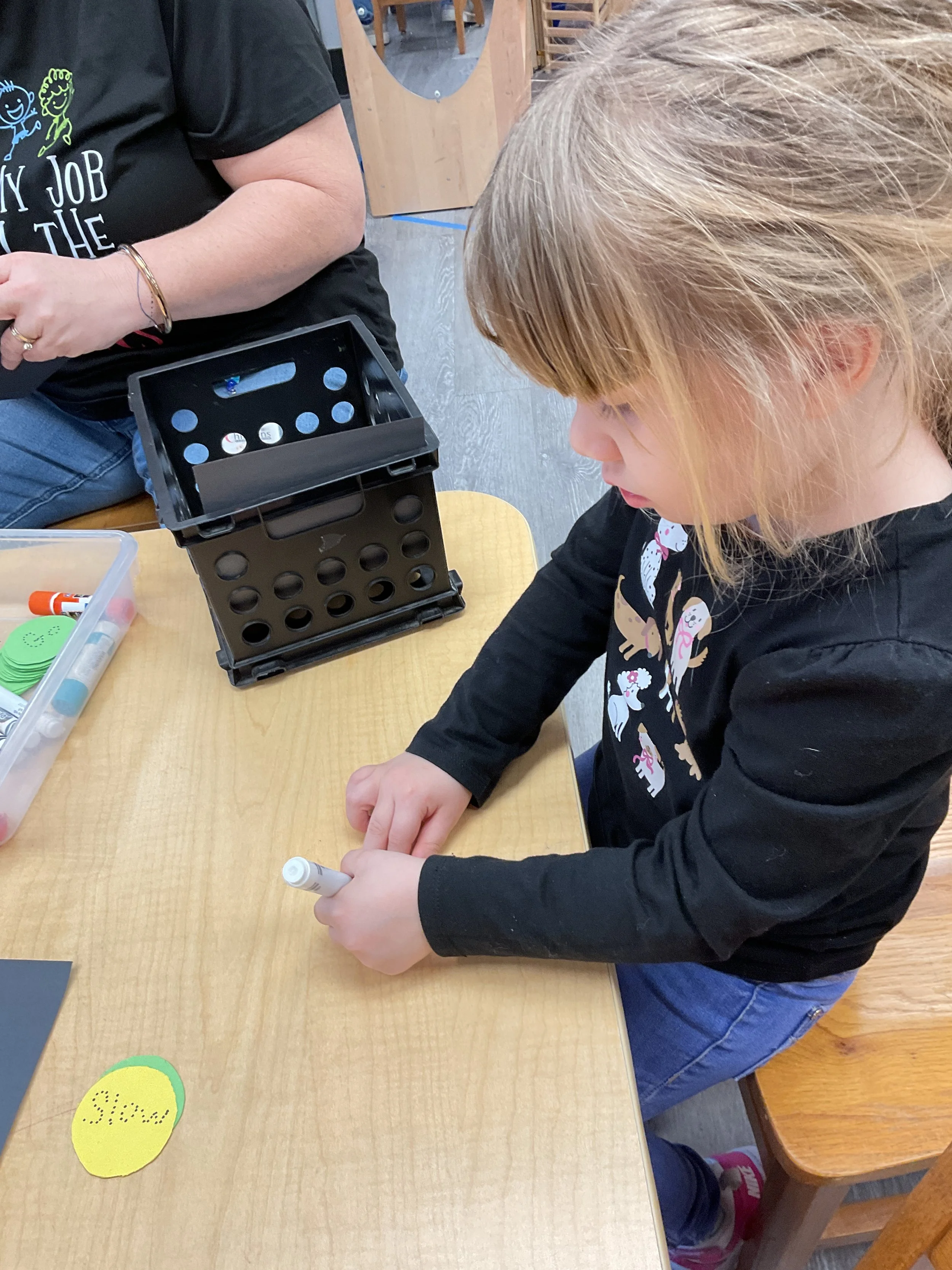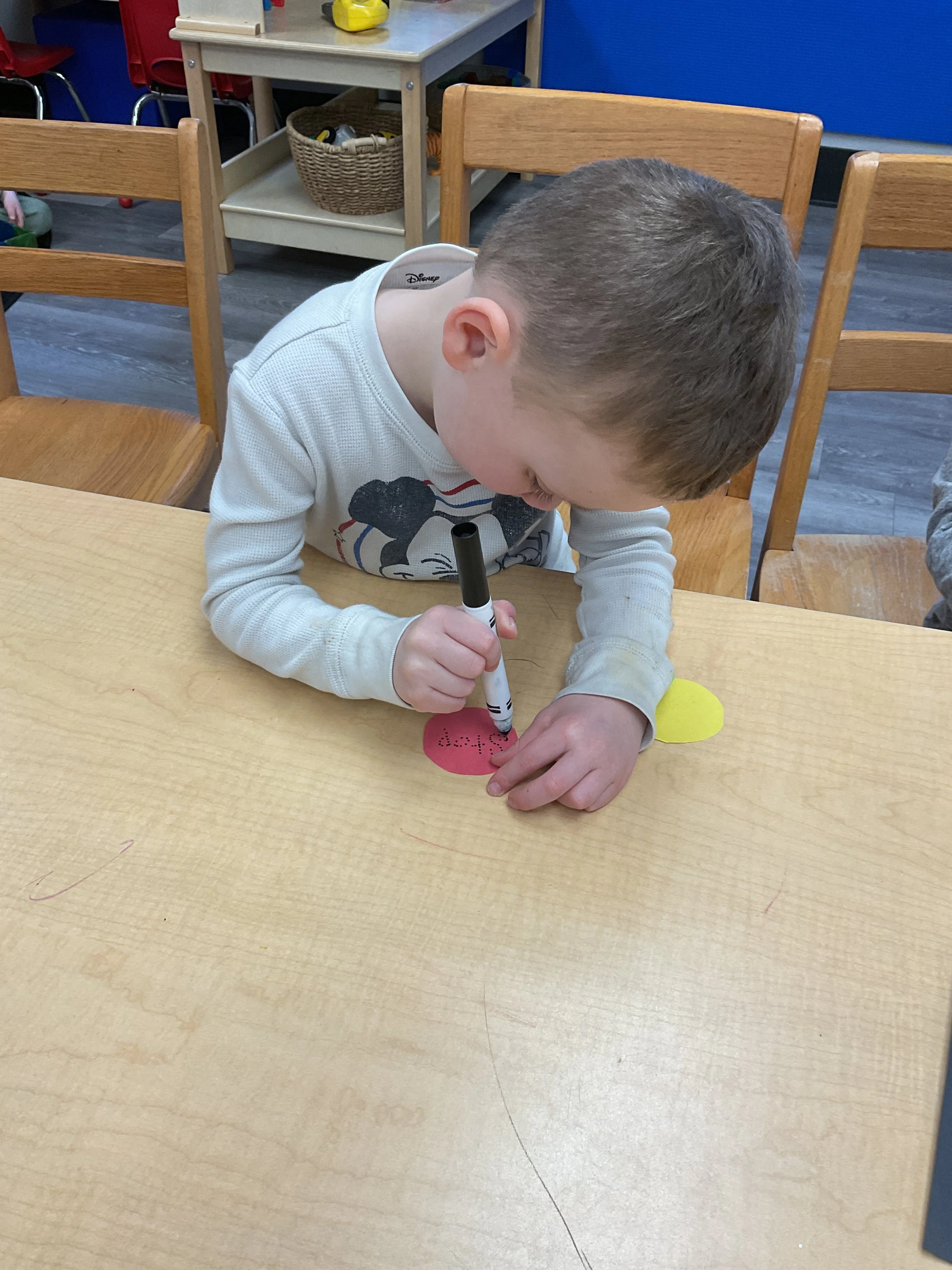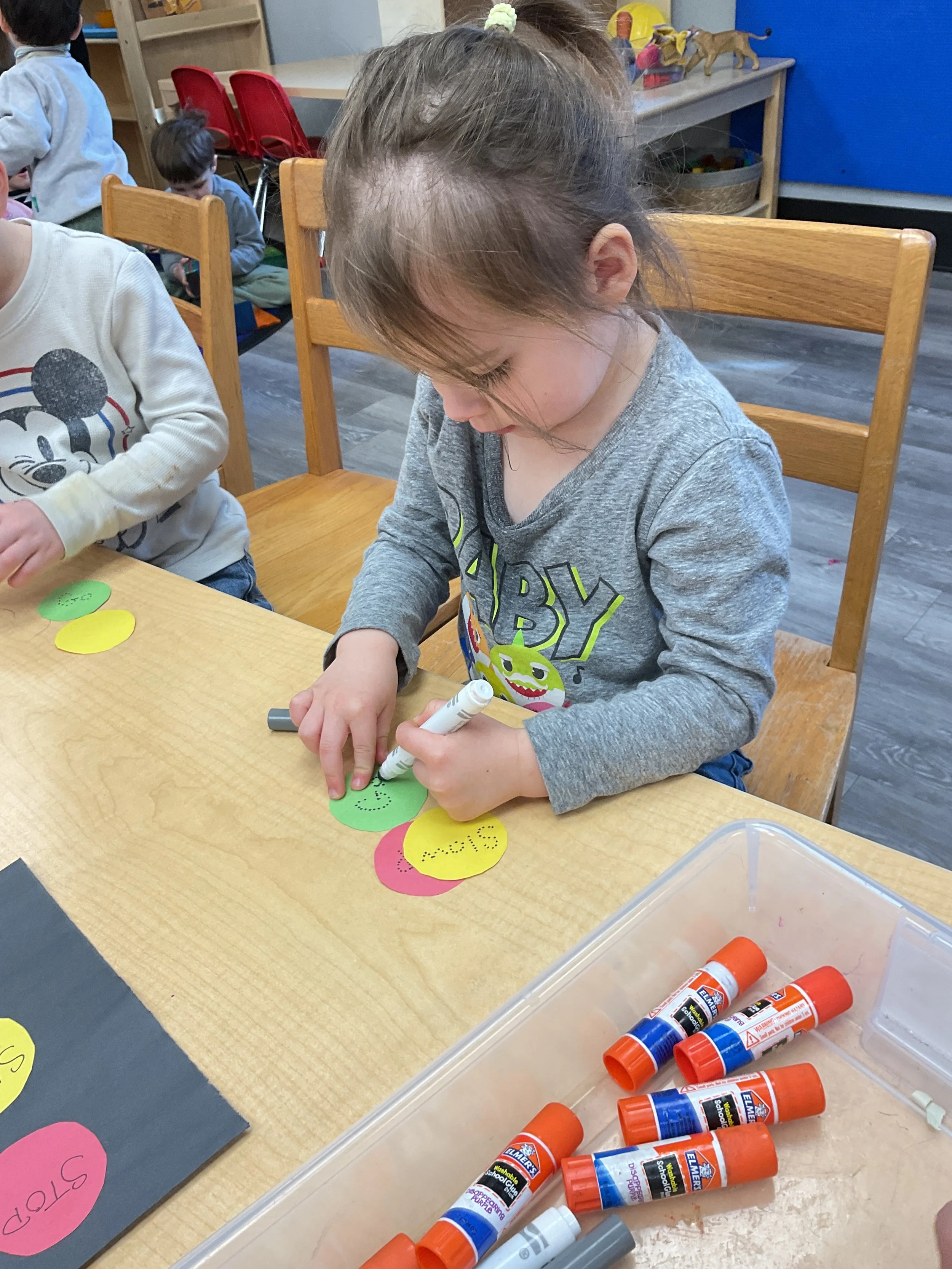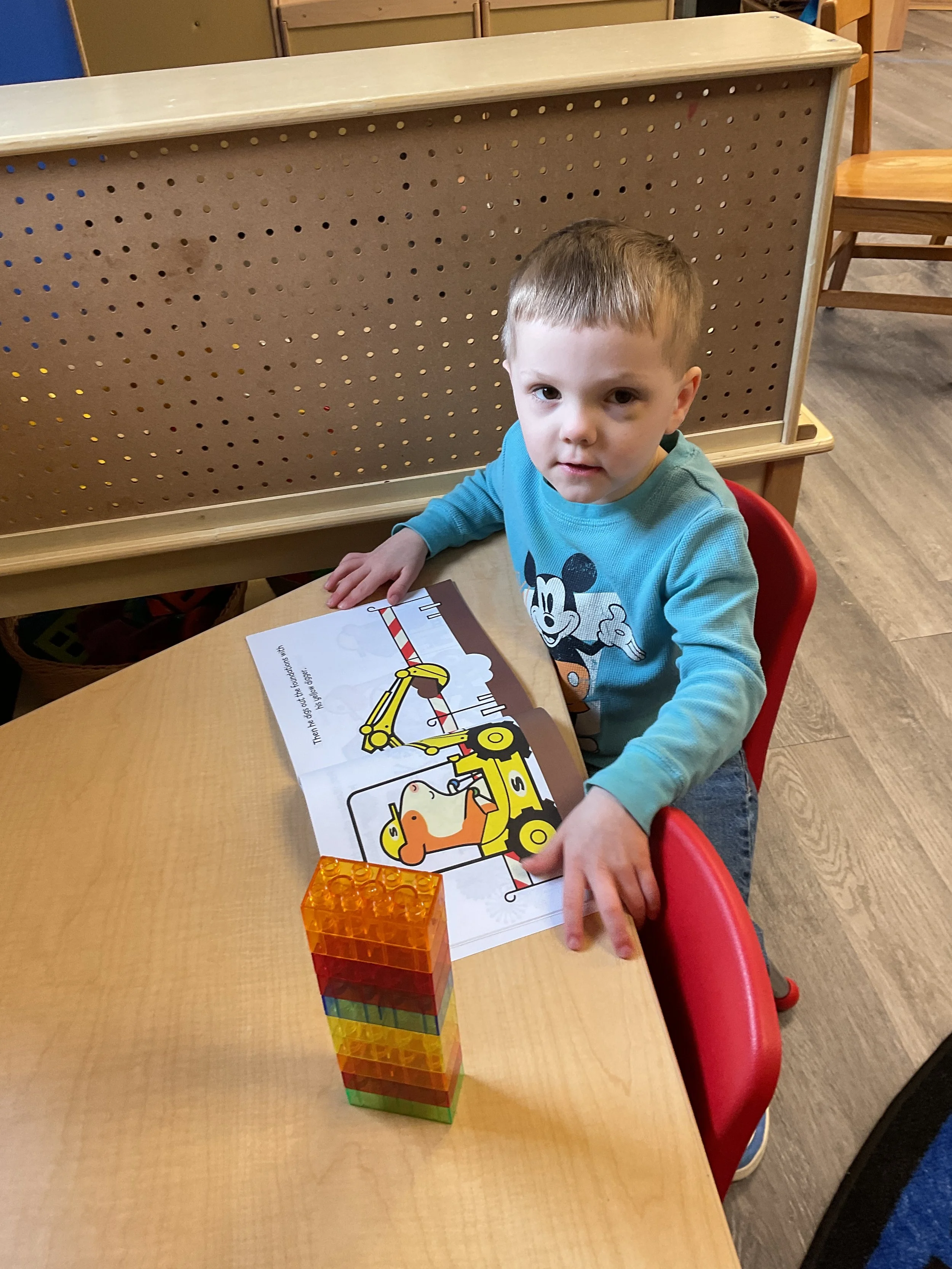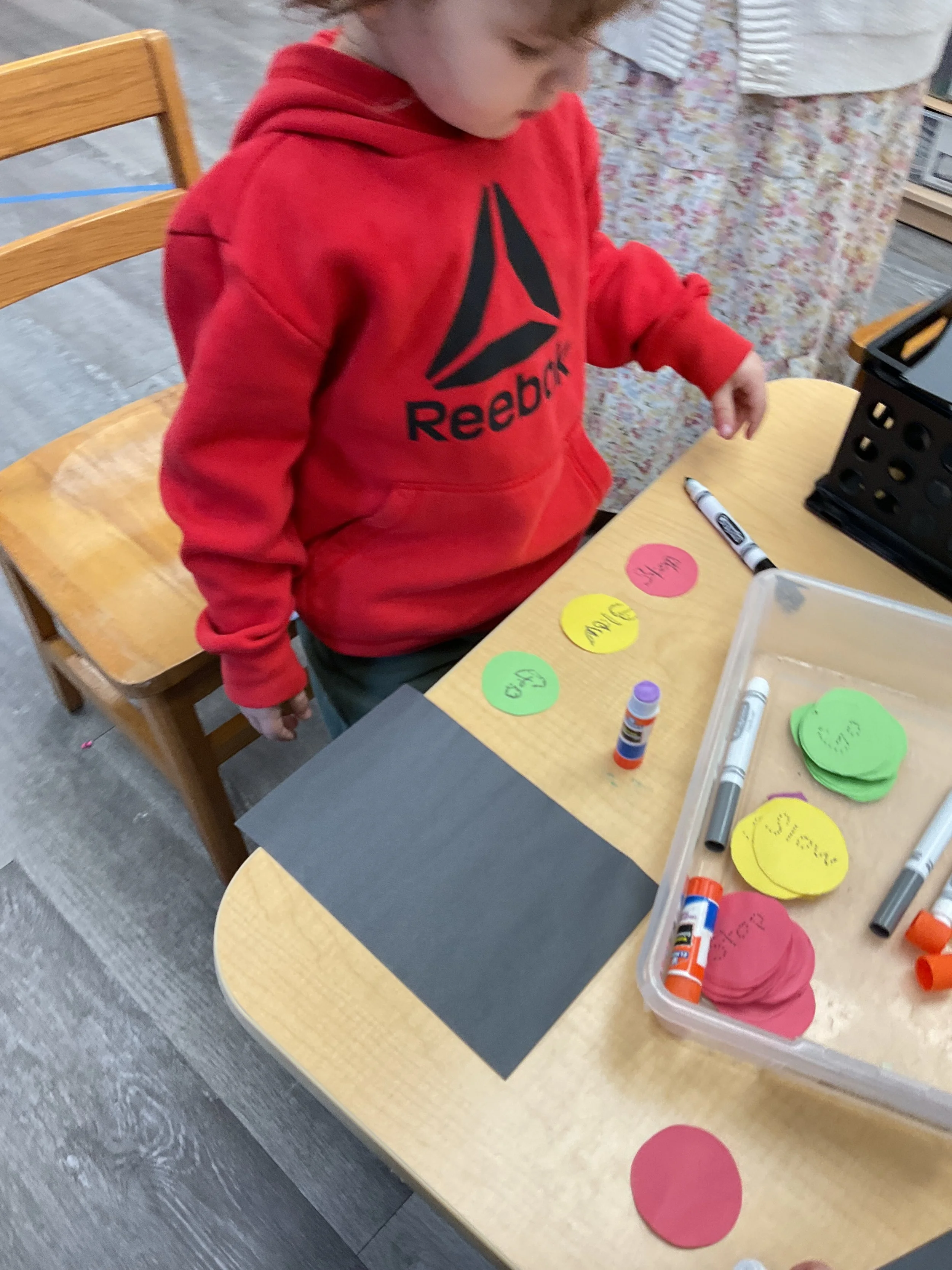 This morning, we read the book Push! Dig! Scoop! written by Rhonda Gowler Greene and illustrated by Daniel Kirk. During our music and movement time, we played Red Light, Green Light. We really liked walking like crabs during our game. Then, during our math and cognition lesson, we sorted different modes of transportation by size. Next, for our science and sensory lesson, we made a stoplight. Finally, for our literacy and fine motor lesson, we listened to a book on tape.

--------

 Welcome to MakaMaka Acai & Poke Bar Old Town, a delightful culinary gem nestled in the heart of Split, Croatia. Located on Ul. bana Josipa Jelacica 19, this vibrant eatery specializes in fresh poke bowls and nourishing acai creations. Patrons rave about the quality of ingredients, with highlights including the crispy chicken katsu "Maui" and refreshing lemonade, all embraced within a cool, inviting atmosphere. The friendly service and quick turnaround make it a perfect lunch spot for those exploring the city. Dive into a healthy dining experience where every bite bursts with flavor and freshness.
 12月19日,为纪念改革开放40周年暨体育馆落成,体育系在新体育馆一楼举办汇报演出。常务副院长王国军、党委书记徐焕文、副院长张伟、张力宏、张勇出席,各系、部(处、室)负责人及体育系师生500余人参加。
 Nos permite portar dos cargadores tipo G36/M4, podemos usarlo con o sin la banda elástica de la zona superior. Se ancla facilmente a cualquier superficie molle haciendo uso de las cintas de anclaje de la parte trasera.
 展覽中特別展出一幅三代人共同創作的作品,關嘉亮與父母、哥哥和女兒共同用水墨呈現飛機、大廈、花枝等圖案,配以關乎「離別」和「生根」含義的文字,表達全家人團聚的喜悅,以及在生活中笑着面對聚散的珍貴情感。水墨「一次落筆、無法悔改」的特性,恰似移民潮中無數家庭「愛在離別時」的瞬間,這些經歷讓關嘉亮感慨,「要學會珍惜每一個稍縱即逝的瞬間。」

--------

What needs to be done:
Give again, word for word, every line of the listing above from the one with "12月19日,为纪念改革开放" to the one with "展覽中特別展出一幅三代人共同", both inclusive, and nothing beyond them.

Completed exercise:
 12月19日,为纪念改革开放40周年暨体育馆落成,体育系在新体育馆一楼举办汇报演出。常务副院长王国军、党委书记徐焕文、副院长张伟、张力宏、张勇出席,各系、部(处、室)负责人及体育系师生500余人参加。
 Nos permite portar dos cargadores tipo G36/M4, podemos usarlo con o sin la banda elástica de la zona superior. Se ancla facilmente a cualquier superficie molle haciendo uso de las cintas de anclaje de la parte trasera.
 展覽中特別展出一幅三代人共同創作的作品,關嘉亮與父母、哥哥和女兒共同用水墨呈現飛機、大廈、花枝等圖案,配以關乎「離別」和「生根」含義的文字,表達全家人團聚的喜悅,以及在生活中笑着面對聚散的珍貴情感。水墨「一次落筆、無法悔改」的特性,恰似移民潮中無數家庭「愛在離別時」的瞬間,這些經歷讓關嘉亮感慨,「要學會珍惜每一個稍縱即逝的瞬間。」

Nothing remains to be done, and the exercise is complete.